* _Source data_
----
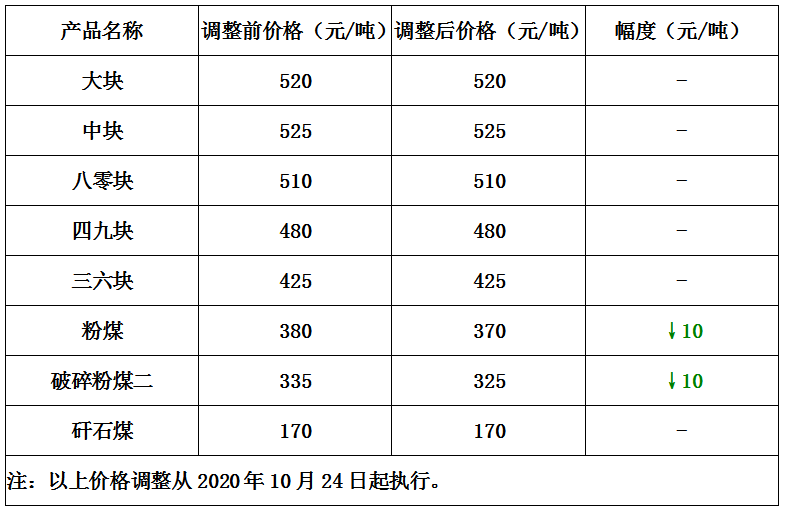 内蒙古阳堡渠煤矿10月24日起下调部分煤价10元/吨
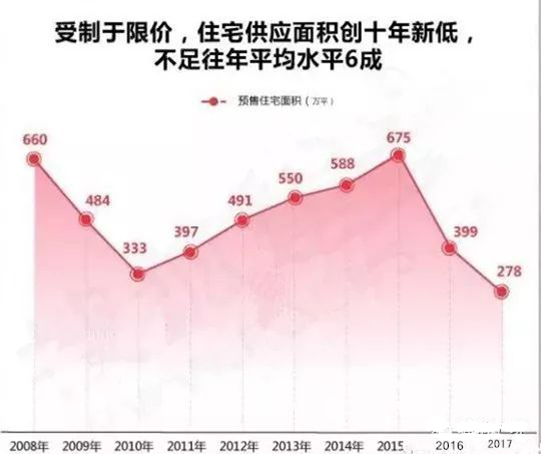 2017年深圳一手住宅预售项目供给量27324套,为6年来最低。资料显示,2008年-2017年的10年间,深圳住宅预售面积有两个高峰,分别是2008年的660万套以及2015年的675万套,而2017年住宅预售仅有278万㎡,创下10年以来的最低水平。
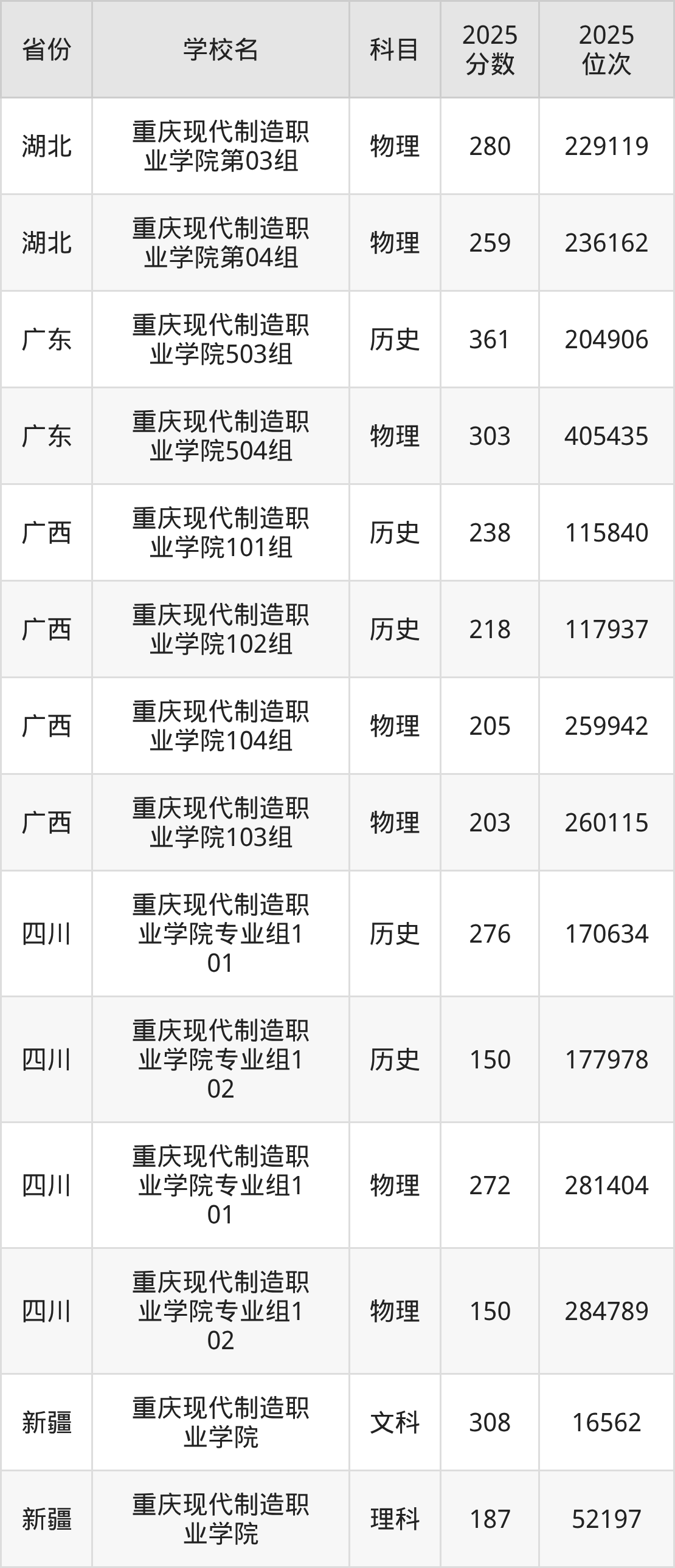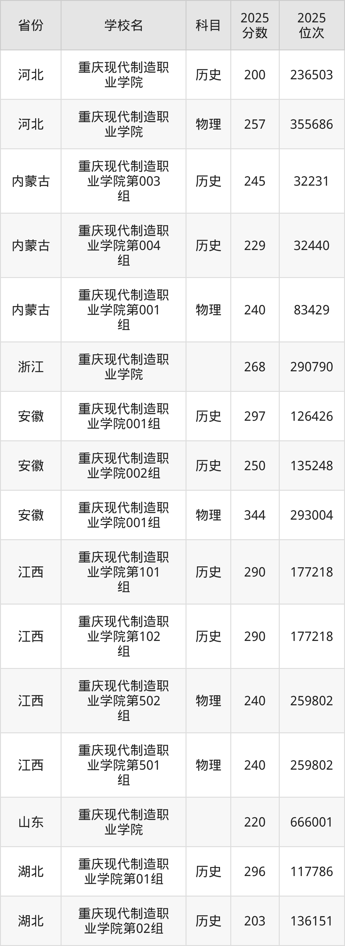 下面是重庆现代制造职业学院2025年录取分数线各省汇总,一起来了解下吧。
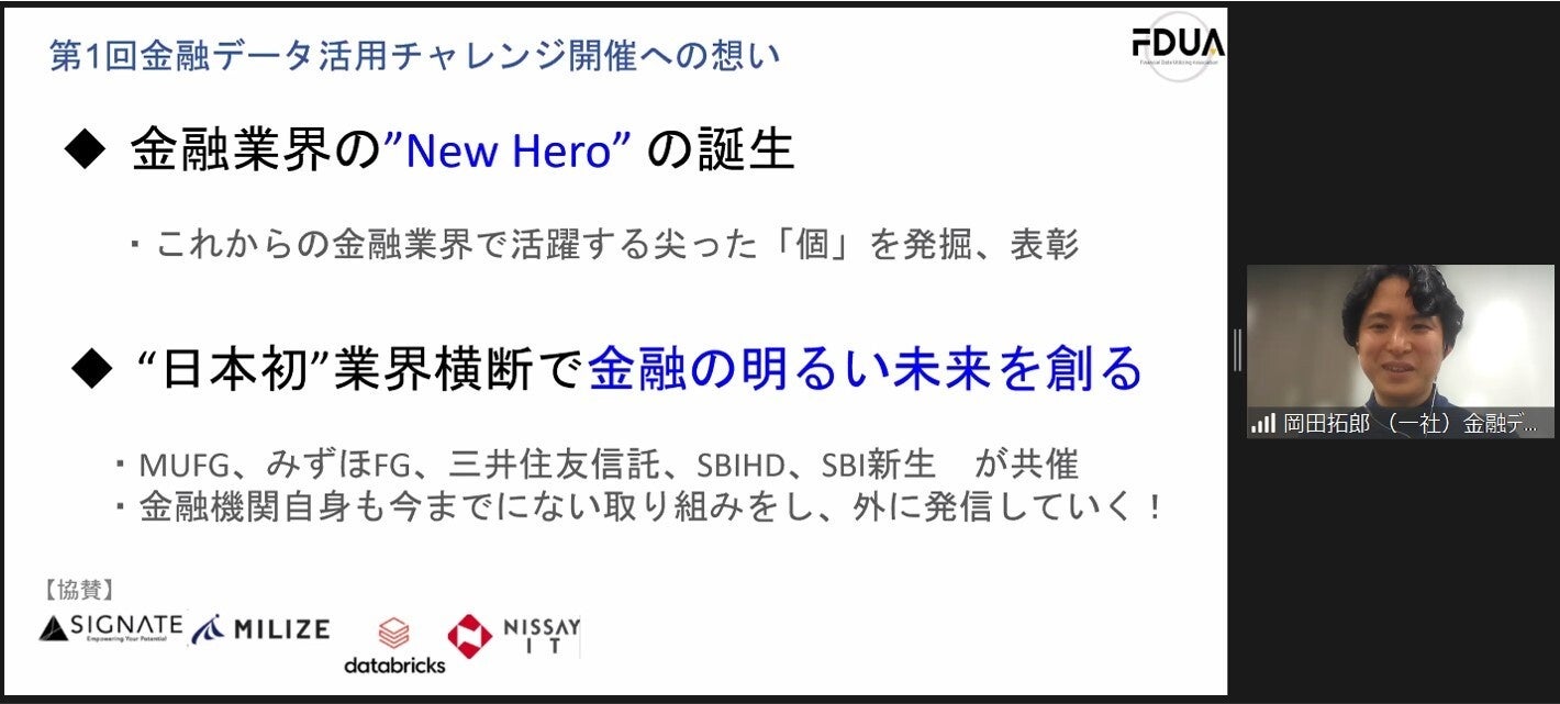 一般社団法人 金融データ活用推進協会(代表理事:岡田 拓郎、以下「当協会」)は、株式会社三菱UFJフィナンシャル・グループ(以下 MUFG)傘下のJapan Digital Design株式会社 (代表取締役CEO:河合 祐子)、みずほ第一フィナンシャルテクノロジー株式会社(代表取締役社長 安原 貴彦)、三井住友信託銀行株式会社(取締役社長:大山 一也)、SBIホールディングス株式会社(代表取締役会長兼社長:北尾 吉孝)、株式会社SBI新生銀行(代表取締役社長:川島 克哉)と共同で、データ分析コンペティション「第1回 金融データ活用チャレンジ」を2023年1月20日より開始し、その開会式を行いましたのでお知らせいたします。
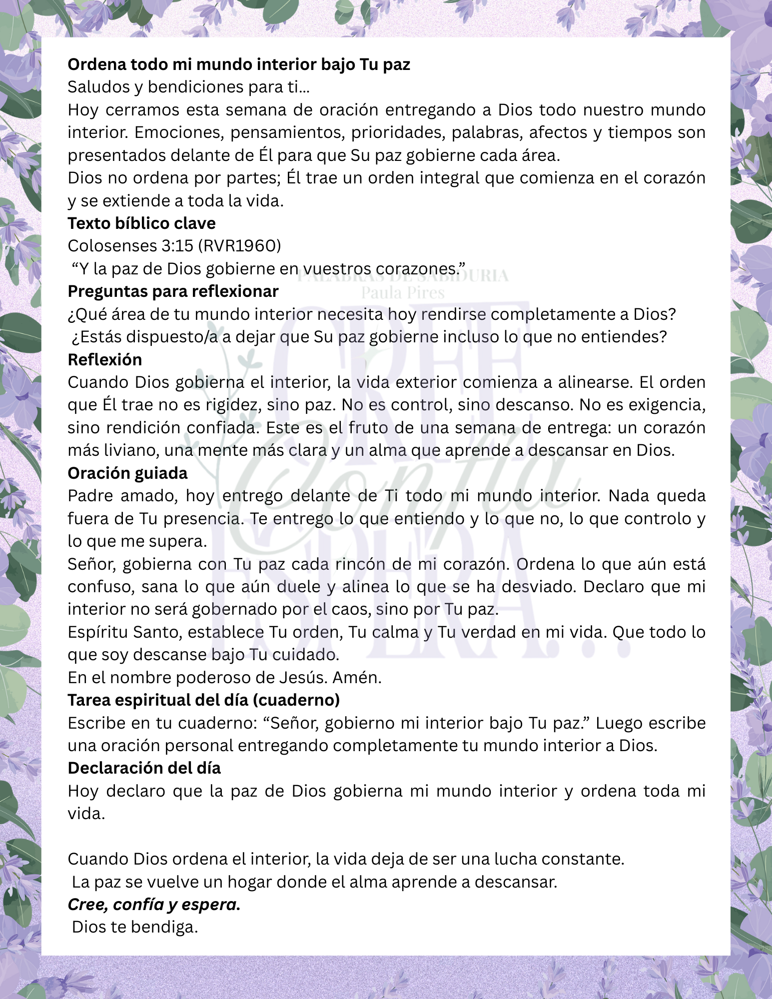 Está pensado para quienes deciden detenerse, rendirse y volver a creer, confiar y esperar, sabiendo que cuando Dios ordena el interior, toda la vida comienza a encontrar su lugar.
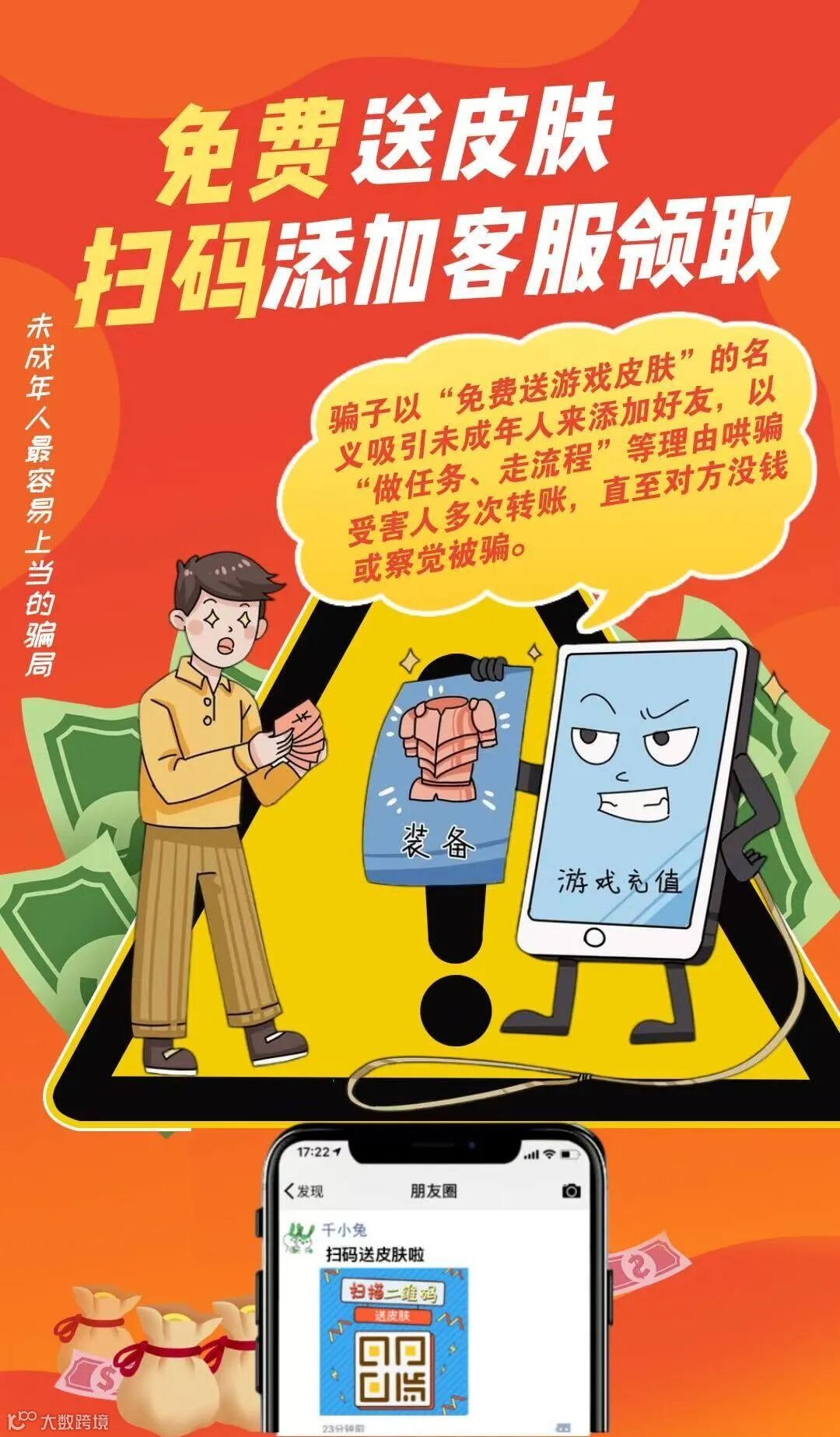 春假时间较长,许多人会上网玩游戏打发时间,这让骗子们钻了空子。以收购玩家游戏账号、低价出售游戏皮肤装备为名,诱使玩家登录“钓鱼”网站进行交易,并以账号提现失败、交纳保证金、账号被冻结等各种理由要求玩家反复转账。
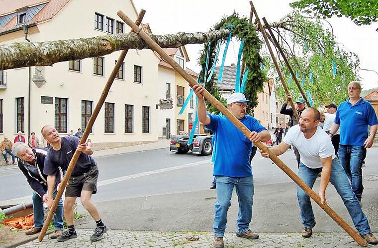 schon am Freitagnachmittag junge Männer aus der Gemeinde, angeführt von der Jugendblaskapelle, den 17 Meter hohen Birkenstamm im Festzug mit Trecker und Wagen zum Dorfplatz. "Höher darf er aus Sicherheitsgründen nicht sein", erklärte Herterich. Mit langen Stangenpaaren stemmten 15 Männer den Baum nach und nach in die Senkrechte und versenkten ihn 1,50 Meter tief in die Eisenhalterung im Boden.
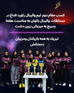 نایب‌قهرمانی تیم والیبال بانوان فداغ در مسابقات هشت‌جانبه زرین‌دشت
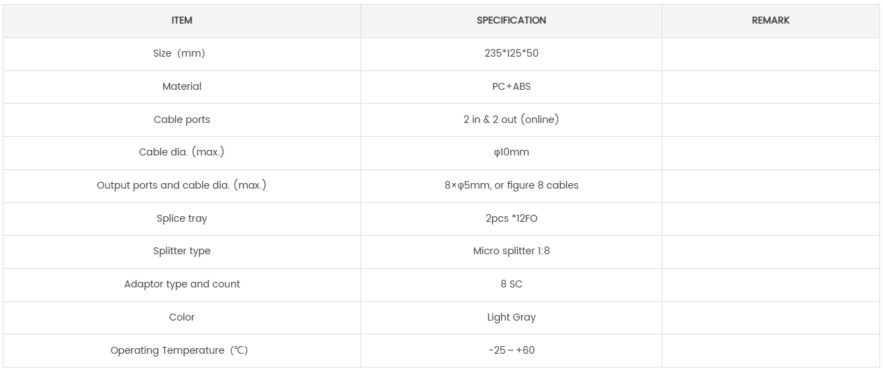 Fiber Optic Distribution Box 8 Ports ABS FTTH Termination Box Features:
----
* _EXERCISE REQUIREMENTS_
The required output is the lines from the one containing "下面是重庆现代制造职业学院2025年录取分数线各省汇总,一起来了解下吧。" through the end of the records above, reproduced exactly, with no pictures.

* _EXERCISE RESULT_
 下面是重庆现代制造职业学院2025年录取分数线各省汇总,一起来了解下吧。
 一般社団法人 金融データ活用推進協会(代表理事:岡田 拓郎、以下「当協会」)は、株式会社三菱UFJフィナンシャル・グループ(以下 MUFG)傘下のJapan Digital Design株式会社 (代表取締役CEO:河合 祐子)、みずほ第一フィナンシャルテクノロジー株式会社(代表取締役社長 安原 貴彦)、三井住友信託銀行株式会社(取締役社長:大山 一也)、SBIホールディングス株式会社(代表取締役会長兼社長:北尾 吉孝)、株式会社SBI新生銀行(代表取締役社長:川島 克哉)と共同で、データ分析コンペティション「第1回 金融データ活用チャレンジ」を2023年1月20日より開始し、その開会式を行いましたのでお知らせいたします。
 Está pensado para quienes deciden detenerse, rendirse y volver a creer, confiar y esperar, sabiendo que cuando Dios ordena el interior, toda la vida comienza a encontrar su lugar.
 春假时间较长,许多人会上网玩游戏打发时间,这让骗子们钻了空子。以收购玩家游戏账号、低价出售游戏皮肤装备为名,诱使玩家登录“钓鱼”网站进行交易,并以账号提现失败、交纳保证金、账号被冻结等各种理由要求玩家反复转账。
 schon am Freitagnachmittag junge Männer aus der Gemeinde, angeführt von der Jugendblaskapelle, den 17 Meter hohen Birkenstamm im Festzug mit Trecker und Wagen zum Dorfplatz. "Höher darf er aus Sicherheitsgründen nicht sein", erklärte Herterich. Mit langen Stangenpaaren stemmten 15 Männer den Baum nach und nach in die Senkrechte und versenkten ihn 1,50 Meter tief in die Eisenhalterung im Boden.
 نایب‌قهرمانی تیم والیبال بانوان فداغ در مسابقات هشت‌جانبه زرین‌دشت
 Fiber Optic Distribution Box 8 Ports ABS FTTH Termination Box Features:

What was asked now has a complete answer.